WeatherXM construit un réseau de stations météo installées par des particuliers et des partenaires. Les appareils mesurent température, humidité, pluie, vent, pression et rayonnement ; leurs propriétaires reçoivent des jetons WXM lorsque les données franchissent les contrôles du réseau. Le produit existe : carte publique, quatre familles de matériel, données accessibles, API professionnelle et contrats de récompense sur Arbitrum.
Le chiffre le plus flatteur n'est pourtant pas le plus utile. Le 9 septembre 2026, l'API de l'explorateur distinguait 23 762 appareils « onboarded », 9 834 stations réclamées par un propriétaire et 5 286 stations actives. L'apport propre de Marc Norat consiste à lire ce parcours comme un entonnoir opérationnel : 41,4 % des appareils enregistrés chez les fabricants avaient été réclamés, 53,8 % de ces stations étaient actives, soit 22,2 % du total embarqué. Le réseau est réel ; sa capacité nominale ne décrit pas sa production quotidienne.

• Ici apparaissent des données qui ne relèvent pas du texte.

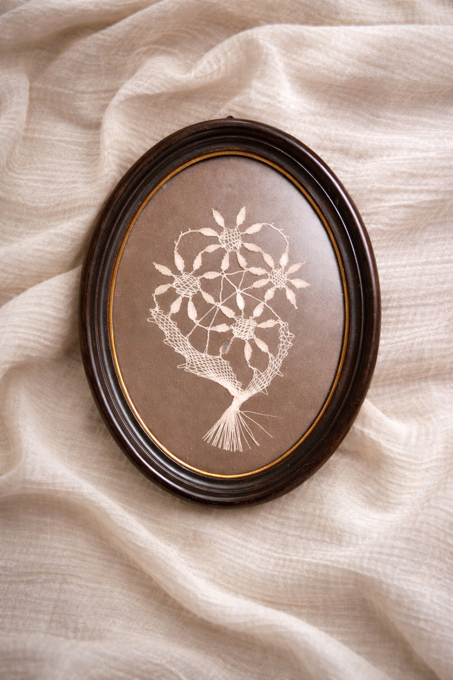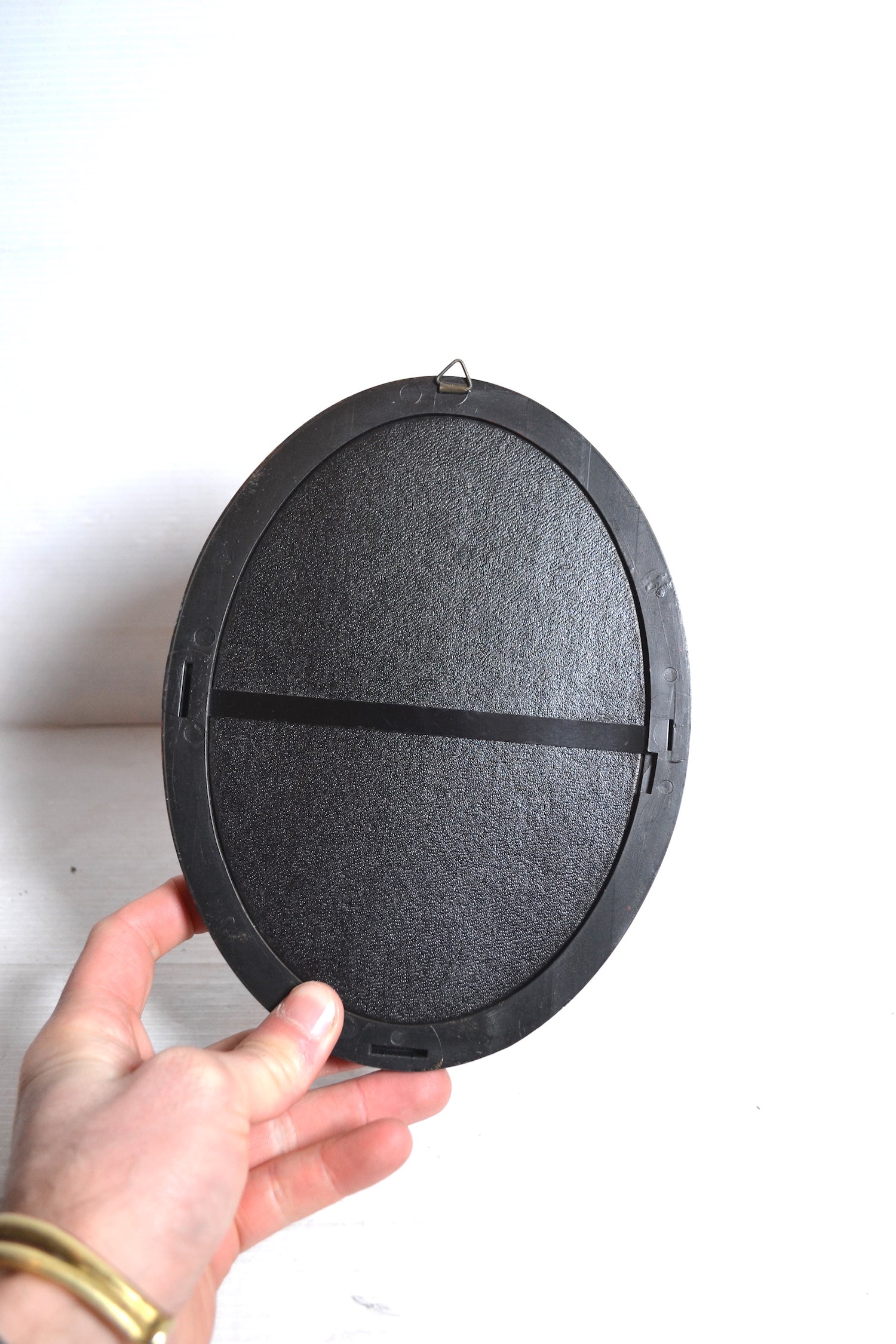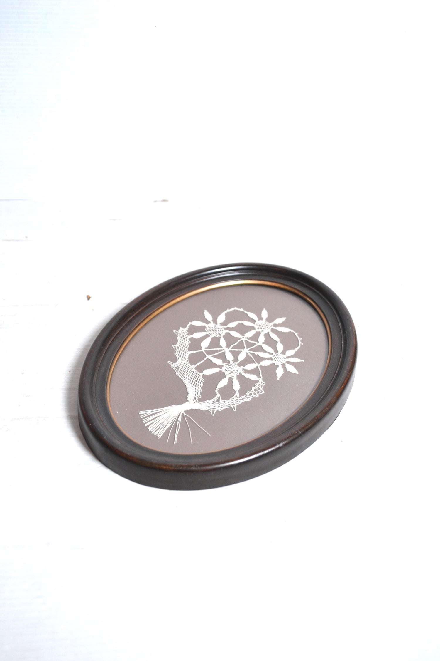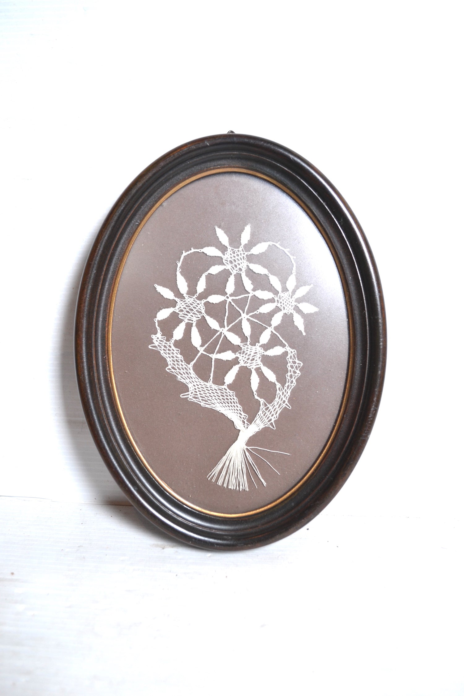 Élégant cadre vintage en plastique au format oval coloris marron avec liseré doré. Ce joli cadre vintage renferme une belle composition brodée. On le suspendra en isolé au dessus d'une table de chevet ou dans une accumulation murale de cadres.
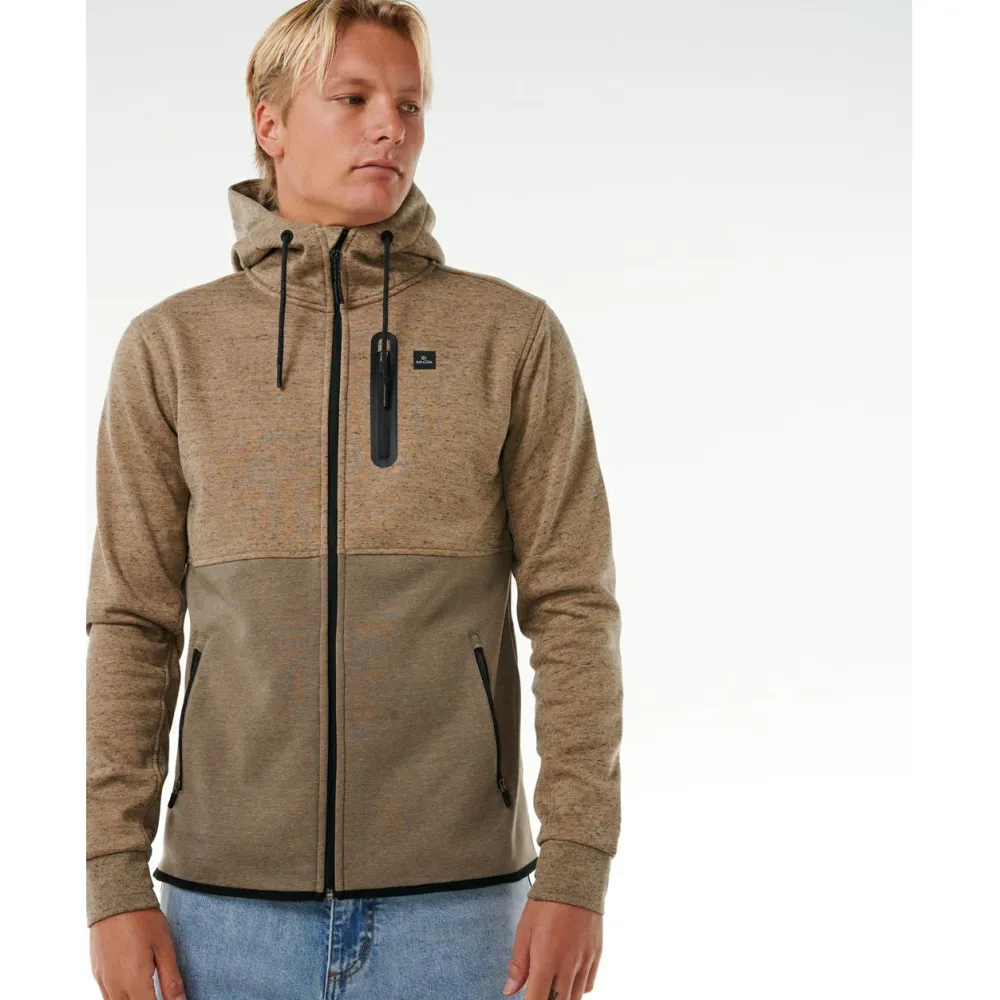 Der Anti Series Departed Zip Through von Rip Curl sieht sportlich aus und überzeugt mit seinem funktionalen Gewebe. Denn das Microfleece ist besonders atmungsaktiv und leitet Hitze sowie Feuchtigkeit schnell nach außen. Hierdurch ist es nach bei intensiven Aktivitäten schnell wie wieder trocken. Zudem ist es mit einer wasserabweisenden Imprägnierung behandelt, welche den Wetterschutz zusätzlich erhöht.

Un réseau physique, pas seulement un jeton
Une station WeatherXM signe ses mesures dans l'appareil avant de les transmettre par Wi-Fi, Helium LoRaWAN ou réseau mobile. Un GPS signe également la position déclarée. La signature permet de vérifier qu'un paquet vient d'un appareil donné et n'a pas été modifié en chemin. Elle ne démontre pas, à elle seule, que l'appareil est bien installé ou que sa pluie mesurée correspond à celle tombée autour de lui.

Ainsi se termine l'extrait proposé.